• Work task:
Your task is to retype the lines from the opening of the material through the line that includes "Right vertical zipper". Do not copy the pictures.

• The data:

BEGIN

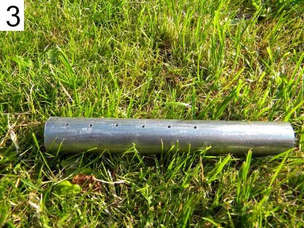3: Perfore agujeros en el tubo más pequeño, todos los espacios entre ellos iguales y en una línea recta. El espacio entre ellos será la longitud de lo anillos así; 1,5 cm para mí.
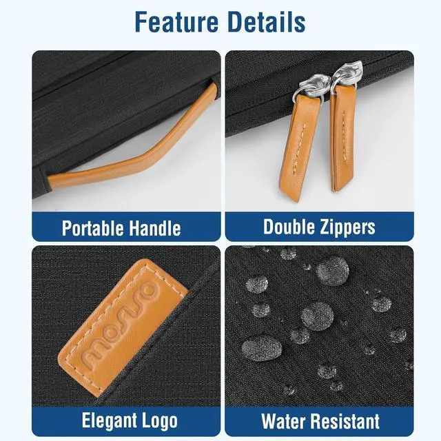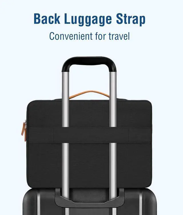 Right vertical zipper pocket dimensions: 4.72 x 4.62 inches (L x W). 360 degree all around protective reinforced interior edge briefcase carrying case bag protect your laptop from any accidental dropping. Extendable handle design makes it to carry your laptop around in comfort you can also tuck away the handle. Side opening zipper design avoid accidental dropping of your laptop while carrying. 4 front zipper pockets provide enough space to keep mouse earphone pens and notepads offering added convenience. The laptop sleeve with 4 front organizer zippers pockets outer polyester fabric of the case enable you to carry your laptop / notebook / Ultrabook computer in a uniquely sleek style. Features a polyester foam padding layer and fluffy cushion for bump and shock absorption and protection of your device against dust dirt bump shock and accidental scratches. Considerate design is the back trolley suitcase belt for ease use during business trip. It is really convenient for your happy journey to any where. Slim and lightweight; does not bulk your laptop up and can easily slide into your briefcase backpack or other bag. This protective carrying sleeve case cover bag with handle and pockets is ideal for you to take your laptop out.
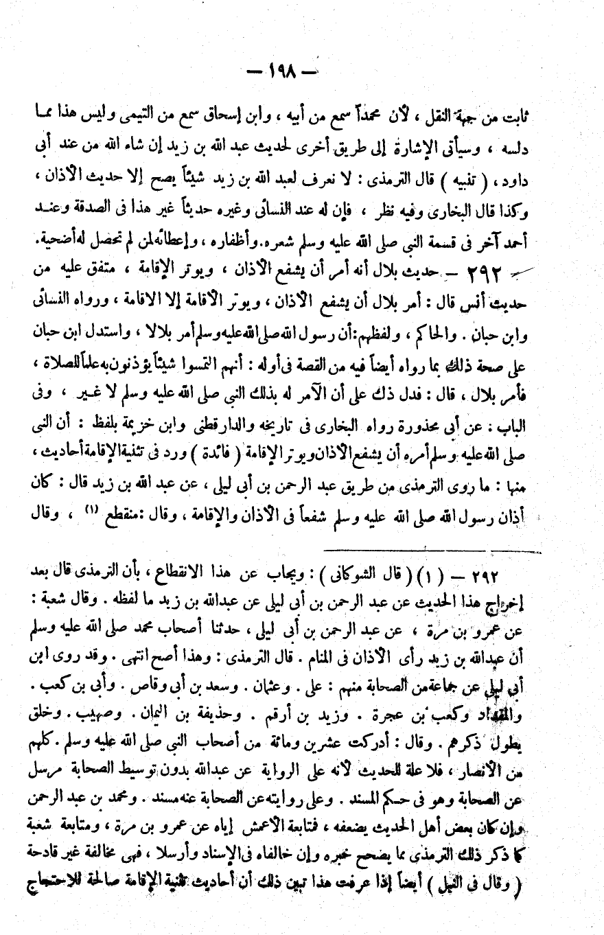 292 - حديث بلال أنه أمر أن يشفع الأذان ويوتر الإقامة متفق عليه من حديث أنس قال أمر بلال أن يشفع الأذان ويوتر الإقامة إلا الإقامة ورواه النسائي وابن حبان والحاكم ولفظهم أن رسول الله صلى الله عليه و سلم أمر بلالا واستدل بن حبان على صحة ذلك بما رواه أيضا فيه من القصة في أوله أنهم التمسوا شيئا يؤذنون به علما للصلاة فأمر بلال قال فدل ذلك على أن الآمر له بذلك النبي صلى الله عليه و سلم لا غير وفي الباب عن أبي محذورة رواه البخاري في تاريخه والدارقطني وابن خزيمة بلفظ أن النبي صلى الله عليه و سلم أمره أن يشفع الأذان ويوتر الإقامة
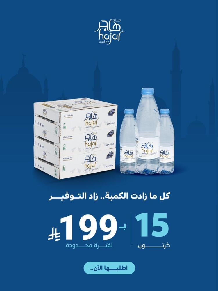 فقط 13.26 ريال للكرتون عند تطبيق العرض بدلا من 19.9 ريالشامل التوصيل و الضريبةلماذا مياه هاجرتعتبر مياه هاجر من افضل المياه المحلية على مستوى المملكةبنسبة صوديوم منخفض (2) ورقم هدروجيني معتدل (pH8)مصدر مياه هاجرمن مياه البحر المحلاه باحدث التقنيات العالمية وبصناعة سعودية.

END

• Written response:
3: Perfore agujeros en el tubo más pequeño, todos los espacios entre ellos iguales y en una línea recta. El espacio entre ellos será la longitud de lo anillos así; 1,5 cm para mí.
 Right vertical zipper pocket dimensions: 4.72 x 4.62 inches (L x W). 360 degree all around protective reinforced interior edge briefcase carrying case bag protect your laptop from any accidental dropping. Extendable handle design makes it to carry your laptop around in comfort you can also tuck away the handle. Side opening zipper design avoid accidental dropping of your laptop while carrying. 4 front zipper pockets provide enough space to keep mouse earphone pens and notepads offering added convenience. The laptop sleeve with 4 front organizer zippers pockets outer polyester fabric of the case enable you to carry your laptop / notebook / Ultrabook computer in a uniquely sleek style. Features a polyester foam padding layer and fluffy cushion for bump and shock absorption and protection of your device against dust dirt bump shock and accidental scratches. Considerate design is the back trolley suitcase belt for ease use during business trip. It is really convenient for your happy journey to any where. Slim and lightweight; does not bulk your laptop up and can easily slide into your briefcase backpack or other bag. This protective carrying sleeve case cover bag with handle and pockets is ideal for you to take your laptop out.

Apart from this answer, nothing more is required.